Where does (n+1) come from when finding quantiles

352 Views Asked by At

So many textbooks suggest a similar formula like the following for finding quantiles $q$ is the quantile, $p$ a number between 0 and 1 and $n$ the total number of our samples:

$q(p) = x_{(k)} + \alpha(x_{(k+1)} - x_{(k)})$,

where $k = [p(n+1)]$ and $\alpha = p(n+1) - [p(n+1)]$.

In which I don't understand the reasoning behind $(n+1)$ in $k = [p(n+1)]$ and subsequently other statements.

If we're going for the median, $n+1$ would make sense considering $m-1=n-m$, but shouldn't this differ now that we're technically multiplying one side?

1

There are 1 best solutions below

1
On BEST ANSWER

If I understand the notation correctly, the idea is that the $n$ samples partition all possible values of $X$ into $(n+1)$ equally probable ranges:

  • range $0$: $X < x_1$;
  • range $1$: $x_1 < X < x_2$;
  • range $2$: $x_2 < X < x_3$; $\ldots$
  • range $(n-1)$: $x_{n-1} < X < x_n$;
  • range $n$: $x_n < X$,

and some boundary handling when $X \in \{x_i\}$. That's where the $(n+1)$ originates from.
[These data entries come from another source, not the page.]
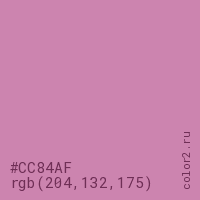Цвет #CC84AF в цветовой модели RGB обозначается тремя октетами (204, 132, 175) в десятичном формате и #CC84AF в шестнадцатиричном (hex) формате, которые являются интенсивностью красного 204 (hex CC), интенсивность зелёного 132 (hex 84) и интенсивность синего 175 (hex AF).
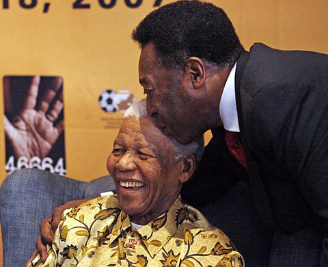 | “ស្តេចកីឡាបាល់ទាត់” Pele ស្វាគមលោក Mandela មុនពេលពិធីរំលឹក ខួបអនុស្សារវរីយ៍លើកទី ៨៩ នៃទិវាកំណើតរបស់លោក Mandela។ |
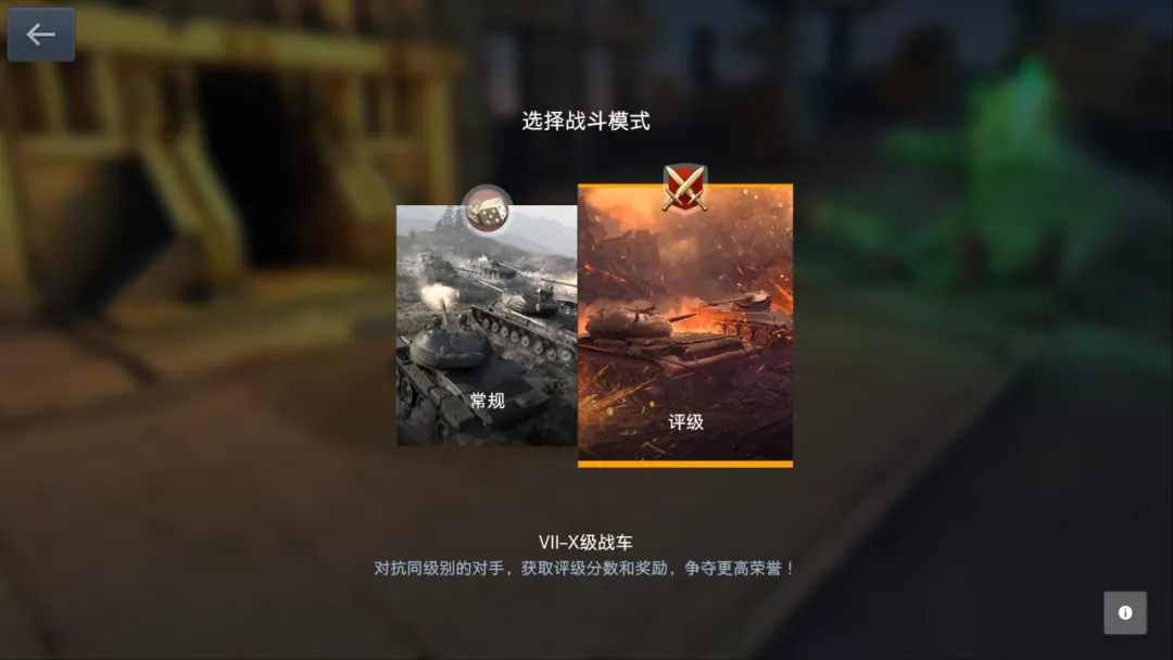 请在战斗!按钮右侧的菜单中选择评级!选择成功后进入车库点击战斗!

If $p(n+1)$ is an integer and $1 \le p(n+1) \le n$, the $p$-quantile is the start of range $k = p(n+1)$. So for example, when $p = \frac 2{n+1}$, the $\frac 2{n+1}$-quantile is the start of range $2$, i.e. $x_2$, and two of the $(n+1)$ ranges are before $x_2$.

If $p(n+1)$ is not an integer but still $1 < p(n+1) < n$, the formula of $q(p)$ considers inside range $k = \lfloor p(n+1)\rfloor$, and just performs linear interpolation between the two ends $x_{\lfloor p(n+1)\rfloor}$ and $x_{\lceil p(n+1)\rceil}$.